◆ Data under study

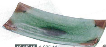
10-445-16 1-605-11 TA 羽反焼物皿 新織部 ¥2,750 (22×9.6×3.3) 梱80
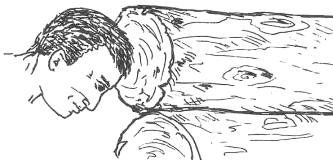
Рис. 4. Удар в торец бревна

Дети и подростки во всем копировали взрослых, только формы их игр были более щадящими и соразмерными возрасту. Они разбивали головой ссохшиеся глыбы земли, шоркали лбом о стенку, приоткрывали ударом или толчком головы двери, вытаскивали из земли забитые деревянные колышки в качестве наказания за проигрыш, тянулись на опоясках и толкались головой. Респонденты, вспоминая детство, рассказывают: «Иногда во время детских игр, оставившись, мы говорили, давай я тебя легонько ударю, а потом ты меня так же! Знали, что когда вырастим, это нам пригодится!» Становясь чуть старше, бравируя перед сверстниками своими способностями, вышибали с разбега дверь в классе — «Главное, шею спрятать глубже в плечи!» . Били головой по подвешенным мешкам или в торец одного из бревен в стене дома (рис. 4), упирались, наносили удары и толчки головой в кожаную подушку (10×10 см), специально прибитую к стене или доске. В последнем варианте, чтобы создать амортизирующий эффект, с обратной стороны доски крепили рессору.
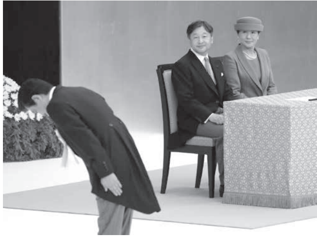
全国戦没者追悼式に出席された天皇、皇后両陛下。左は式辞を終え、一礼する安倍首相=15日午前、東京・日本武道館(共同)

【共同】終戦から74年を迎えた15日、政府主催の全国戦没者追悼式が東京都千代田区の日本武道館で開かれ、参列した遺族らは先の大戦で亡くなった約310万人を悼み、不戦の誓いを新たに誓った。令和初の追悼式。戦後世代の天皇陛下は「深い反省」という言葉を盛り込み、上皇さまの姿勢を継承された。安倍晋三首相は「歴史の教訓を深く胸に刻み」と述べたが、アジア諸国への加害責任には7年連続で触れなかった。戦争経験者が急速に減る中、記憶の風化が懸念される。
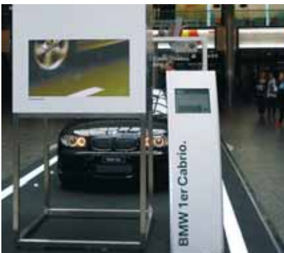
Infoterminal im Einsatz an Roadshows und als virtuelle messbare Verkaufshilfe am POS.
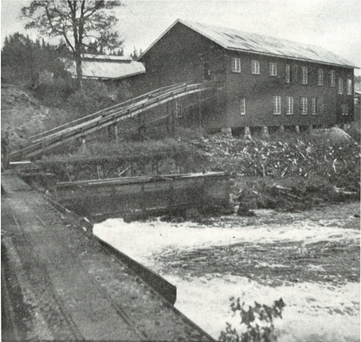
Sågen i Viskafors

För snart 119 år sedan yttrade en känd skogsman: "Allt vad skogen producerar kan användas, allt vad vi behöver kunna vi få från skogen". Att han så snart skulle bli sannspådd trodde han nog ej själv. Den gångna kristiden har på ett slående sätt visat oss att allt vad vi behöver kan vi få från skogen. Skogen ger oss bostäder, möbler, husgeråd, värme, delvis kläder, träbiff, massor av kryddor och smakämnen, parfymer, oljor för frisörer och målare, fernissor, hartser, skodon, papper, bolagscentilitrar och mycket annat. Största delen av skogsprodukterna går till sågverken för att förädlas till råvaror för byggnader och slöjd. När ett träd fälles kapas det i lämpliga längder, "apteras" för olika ändamål beroende av krökar och avsmalning. Ur de grövre träden uttages sågtimmer så långt detta går. Det kvarvarande blir massaved för pappersindustrin och brännved. De klenare träden upphugges till massaved, brännved, slanor och props, vilket exporteras i huvudsak till England och användes till gruvstöttor i kolgruvorna.
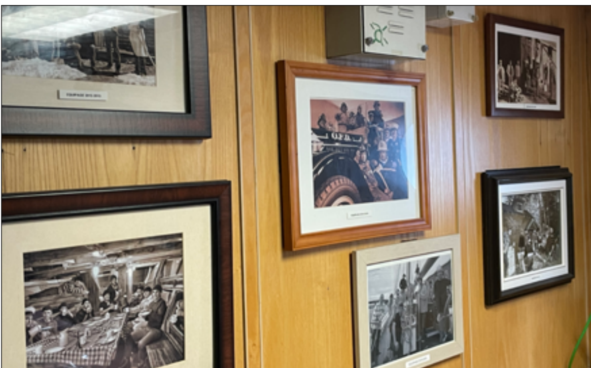
Images d'un ancien membre de l'équipage devenu photographe dans la salle à manger, le salon et la cuisine.
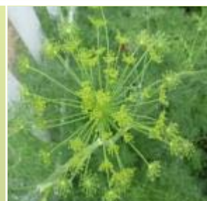
茴香 Dill, Fennel
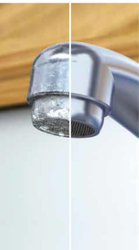
Conduits et robinetterie protégés et toujours étincelants.
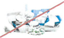
NO Foam Cups & Containers NO vasos y recipientes de poliestireno
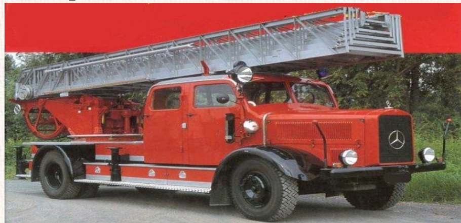
Пожарная машина MERCEDES-BENZ

Mercedes Benz, BMW, Nissan, Фольксваген, Форд Фиеста
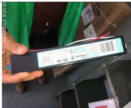
Foto 2. Ausencia de etiquetado y empaclado de residuos de aparatos eléctricos y electrónicos, en el centro de acopio ubicado en área de Casa Vieja.
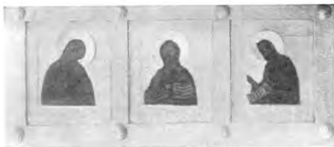
Вологда. Деисус XV в. в Иоанно-Предтеченской церкви, что в Дюдиковой пустыни.
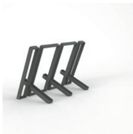
SK.IK.3 pro 3 kola
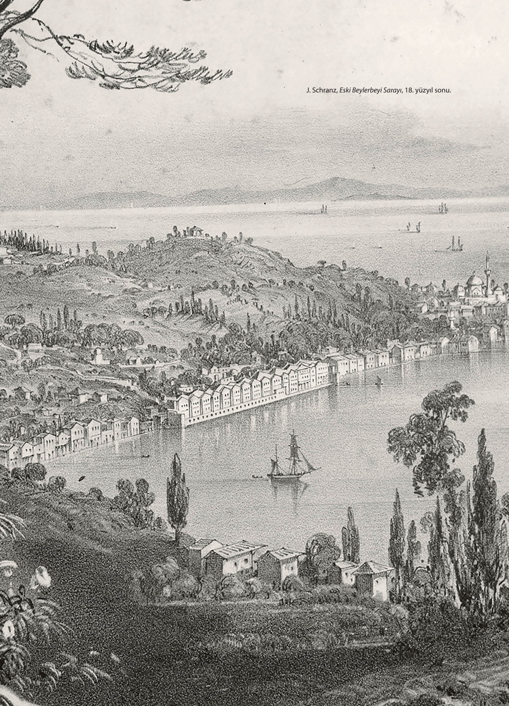
J. Schranz, Eski Beylerbeyi Sarayı , 18. yüzyıl sonu.
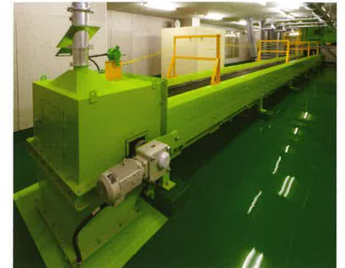
不燃ごみ不適合除去装置 手作業により不適合物を取り除きます。
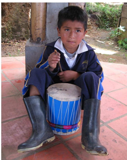
Figura 9. Comunidades campesinas que reciben las capacitaciones de la Fundación
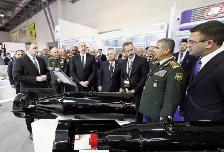
(Əvvəli 4-cü səhifədə)

Türkiyənin müdafiə sənayesini sərgidə təmsil edən daha bir şirkət isə "Turkish Aerospace"dir. "Turkish Aerospace" sabit və hərəkətli hava platformalarından pilotsuz uçuş aparatı və peyklərə qədər inteqrasiya olunmuş aerokosmik sistemlərin dizaynı, işlənilib hazırlanması, müasirləşdirilməsi, istehsalı, inteqrasiyası və istifadəsinə dəstək sahəsində Türkiyənin texnologiya mərkəzidir. Aerokosmik və müdafiə sahəsində ən yaxşı yüz global şirkət arasında yer alan "Turkish Aerospace" tərəfindən dizayn və istehsal edilən bütün məhsullar üçün inteqrasiya olunmuş logistika xidməti də göstərilir.
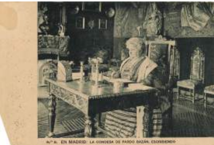
Excma. Sra. Condesa de Pardo Bazán. Madrid 1921.

relacionarse coa intelectualidade máis importante de cada país. Orgullosa e teimuda, proseguía incansable co seu labor creativo, invulnerable ante ataques e críticas. Vetaron a súa entrada na Real Academia Española polo simple feito de ser muller, a pesar de acumular e acreditar méritos sobrados. E cando conseguiu ser a primeira muller catedrática de España e dar clases na Universidade, as persoas matriculadas (influídas por prexuízos propios e a presión de profesores e colegas) deixaron de asistir ás súas leccións.
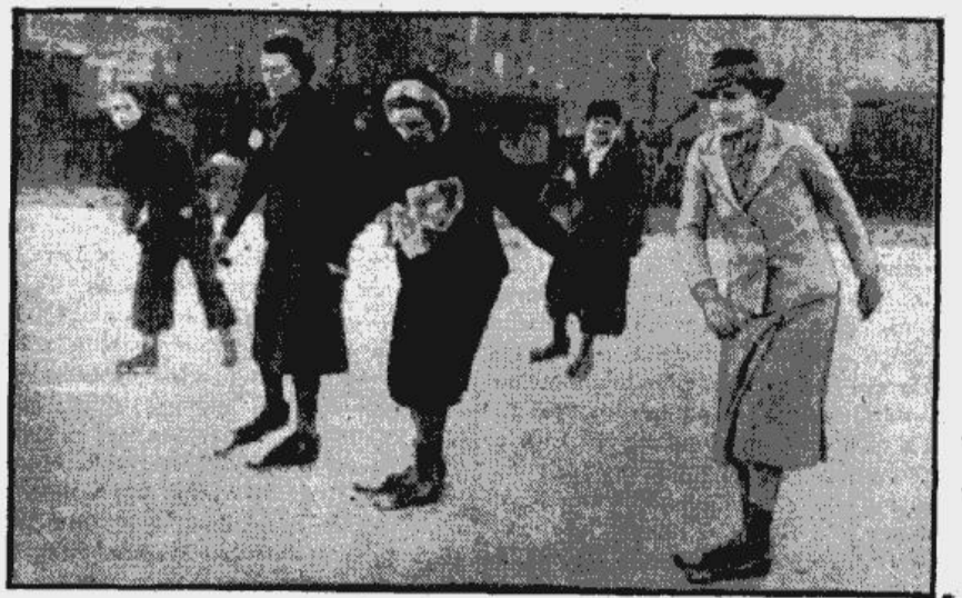
Holandē bez riteņbraukšana, iemijots sporta veids ir arī slidošana. Ar slidām brauc lielji un mazi — tas jau sen kļuvis īsta tautas sporta. Attēlā redzam, ka iemijoto slido sportu piekopj arī nākošā Holandes karaljene — tropantniece Juliana. Arī mums holandiešu slidskrējēji ir pazīstami, jo tos redzējam pagājušā gadā EM Rīgā. Vēlreiz slidošanas apstākļi tiešām ideāli, jo ziemā satiksmes ceļi ir daudz Holandes kanāli, kuri ziemā pārkļūst ar ledus kārtu, tādā veidā veidojot garākos ledus ceļus pasaulē.
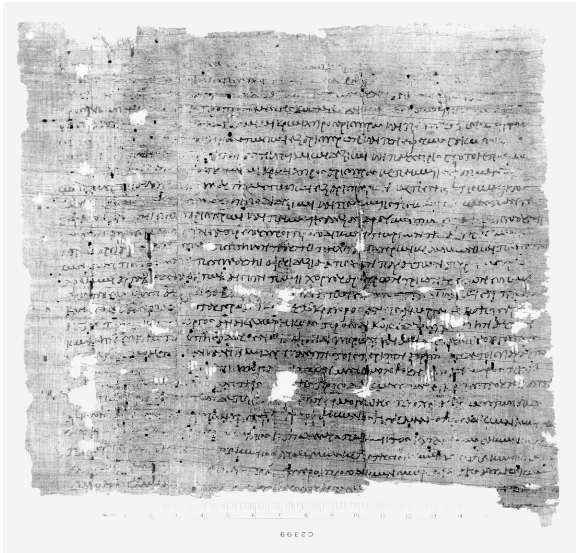
Quittung für τμή χόρτου (P.Mich.Inv.Nr. 204)
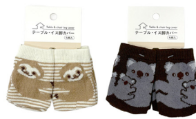
Table & chair leg cover

インナー入数 12 カートン入数 240 Inner pcs Carton pcs

◆ Assignment
Transcribe exactly the lines that run from the first line of the records above through the line with "Sågen i Viskafors", and include both of those lines; pictures stay out.

◆ Final answer
10-445-16 1-605-11 TA 羽反焼物皿 新織部 ¥2,750 (22×9.6×3.3) 梱80
Рис. 4. Удар в торец бревна

Дети и подростки во всем копировали взрослых, только формы их игр были более щадящими и соразмерными возрасту. Они разбивали головой ссохшиеся глыбы земли, шоркали лбом о стенку, приоткрывали ударом или толчком головы двери, вытаскивали из земли забитые деревянные колышки в качестве наказания за проигрыш, тянулись на опоясках и толкались головой. Респонденты, вспоминая детство, рассказывают: «Иногда во время детских игр, оставившись, мы говорили, давай я тебя легонько ударю, а потом ты меня так же! Знали, что когда вырастим, это нам пригодится!» Становясь чуть старше, бравируя перед сверстниками своими способностями, вышибали с разбега дверь в классе — «Главное, шею спрятать глубже в плечи!» . Били головой по подвешенным мешкам или в торец одного из бревен в стене дома (рис. 4), упирались, наносили удары и толчки головой в кожаную подушку (10×10 см), специально прибитую к стене или доске. В последнем варианте, чтобы создать амортизирующий эффект, с обратной стороны доски крепили рессору.
全国戦没者追悼式に出席された天皇、皇后両陛下。左は式辞を終え、一礼する安倍首相=15日午前、東京・日本武道館(共同)

【共同】終戦から74年を迎えた15日、政府主催の全国戦没者追悼式が東京都千代田区の日本武道館で開かれ、参列した遺族らは先の大戦で亡くなった約310万人を悼み、不戦の誓いを新たに誓った。令和初の追悼式。戦後世代の天皇陛下は「深い反省」という言葉を盛り込み、上皇さまの姿勢を継承された。安倍晋三首相は「歴史の教訓を深く胸に刻み」と述べたが、アジア諸国への加害責任には7年連続で触れなかった。戦争経験者が急速に減る中、記憶の風化が懸念される。
Infoterminal im Einsatz an Roadshows und als virtuelle messbare Verkaufshilfe am POS.
Sågen i Viskafors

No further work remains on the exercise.